Sekar is the EVP of Engineering. His prior stints include various product Engineering roles in Successfactors/SAP, Yahoo, and Informatica with 30 years of experience in both enterprise and consumer internet products.

Sekar

Welcome, Liz. We’re thrilled to have you.

Liz

Thank you, Sekar. I appreciate this.

Sekar

Thank you.

So the first question I had for you, Liz, was to tell us a little bit about your work with Weber. What does Weber Business Services really do?

Liz

Well, basically, what we do is we're a small company. We specialize in working with organizations in three different areas. So one of the things that we do is facilitate strategic planning sessions and workshops.

So we will work with boards of directors, company owners, leadership teams, executive teams to help them identify and map out - where do they need to take their company or their organization over the next 3, 5, 10 or more years to stay viable, successful, relevant, and take it to the next level?

As part of those conversations and Sekar, invariably, as the leadership team starts to define how their organization needs to be different in the future, the conversation obviously, then shifts to, given how we need to be different, how does that affect the type of talent where we're gonna need at that point in time in the future?

So we start having conversations around a succession of workforce planning to identify how they're talented skill set needs are going to shift going forward.

And so then the third thing that we do is, we also provide long term leadership development and executive coaching to help the leaders within the organizations in enhancing their skills so that they're able to really develop the talents within the workforces that they leave to really have very viable, fluid and highly talented companies with lots of deep skillsets and talent organization-wide.

Sekar

It's interesting.

Succession Planning is obviously something that's of deep interest for multiple organizations and I would be really interested to know a little bit more about your experience with some of the strategies that you have seen that organizations use for Succession Planning.

What do you think is the magic formula that many organizations use to identify the successes or leaders for tomorrow?

Liz

Well, I'll tell you first off...

"The thing that I have seen over the years that does not work is where you identify a handful of select high potentials, and you focus your energies on them."

Because what happens when you have these very few select group that you focus your energies on really becoming the heirs apparent?

A couple of things happen.
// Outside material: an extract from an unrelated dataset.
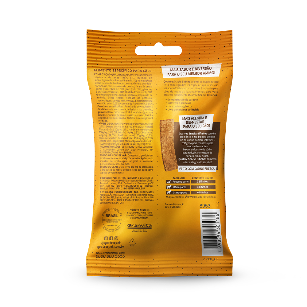 Petisco Quatree Snack Bifinho Cão Frango 500 gr Quatree Snacks Bifinhos é uma delícia de petisco feito com ingredientes especiais que o seu cão vai adorar! Saboroso e nutritivo, é indicado para cães de todas as idades. Quatree Snacks Bifinhos contém prebiótico e zeólita para auxiliar no equilíbrio da flora intestinal, colágeno para manter a pele saudável e macia e hexametafosfato de sódio para reduzir a formação de tártaro e mau hálito. Quatree Snacks Bifinhos alimenta e faz a alegria do seu cão! ________________________________________________________________________________________________________________ COMPOSIÇÃO BÁSICA Carne mecanicamente separada de aves (mín. 5%), pulmão de suíno, fígado de suíno, zeólita (mín. 1%), hemoglobina desidratada de bovino, sacarose, cloreto de sódio, farinha de carne e ossos de bovino, farelo de arroz, goma guar, fibra de colágeno (mín. 1%), glicerina purificada (glicerol), BHA (butilhidroxianisol), BHT (butilhidroxitolueno), ácido propiônico, propionato de amônio, ácido cítrico, sorbato de potássio, mananoligossacarídeo (mín. 0,015%), hexametafosfato de sódio (mín. 0,03%) e aroma de frango (mín. 0,05%). Eventuais substitutivos: Pulmão de bovino, farinha de vísceras de aves, hemácia desidratada de suíno, goma xantana, carboximetilcelulose sódica (goma de celulose), farinha de carne e ossos de suíno, farinha de arroz, proteína de ervilha, dextrose e óleo de girassol refinado. ________________________________________________________________________________________________________________ NÍVEIS DE GARANTIA Proteína bruta (mín.) 290g/kg (29%) Extrato etéreo (mín.) 100g/kg (10%) Matéria fibrosa (máx.) 20g/kg (2%) Matéria mineral (máx.) 150g/kg (15%) Cálcio (mín.) 15g/kg (1,5%) Cálcio (máx.) 45g/kg (4,5%) Fósforo (mín.) 15g/kg (1,5%) Hexametafosfato de sódio (mín.) 300mg/kg (0,03%) Zeólita (mín.) 10g/kg (1%) Mananoligossacarídeo (mín.) 150mg/kg (0,015%) Umidade (máx.) 190g/kg (19%

Number one, and almost immediately you start creating a divide within your workforce where you have a we-they mentality, where you have the chosen few and everybody else is somehow now lesser than what they were before.

Succession Planning also pulls resources to that select few away from the multitude of others that also need additional developments and you end up putting a lot of time and effort in a select few, and quite often you will pit them against themselves. And so they start cannibalizing themselves.

And then you further diminish the pool that you're working with, and you hope that the ones that remain will rise to the top and stay with the organization. So by creating the select few, you, by default, create a process where you minimize the potential of candidates that you have to work with.

So I say that as a process and a practice that I recommend my clients do not follow. What I have seen and what I recommend and what I do with my clients is first off, kind of the antithesis of what I just said is...

Instead of focusing on a select few, let's create an organization where succession planning, and building depth and backfilling for ourselves is the first and primary responsibility of every position in the organization. So we do it enterprise-wide.

So whether we're talking about a front line sales clerk or the CEO of the organization, I work with my clients to ensure that every position has one or two, possibly three individuals who, individually or collaboratively, can slide in and fill in for them, should they not be able to come to work for one day because they're sick or in this current situation because of other factors.

What that does Sekar is...

"On the path to true succession planning, this basic process starts building depth and starts the leadership team to get an insight into."

So what is my current talent pool? How skilled are my current employees, and where do we have gaps and where do we have needs currently, with our current workforce that need to be addressed now that could also take us up for succession and future growth.

So this thing's a foundation piece first and foremost, and then we look at succession planning. We then look at true succession planning only after the organization has a true strategic plan, because that strategic plan is what's going to define the type of organization the future leaders and future workforce need to be able to support, manage and lead.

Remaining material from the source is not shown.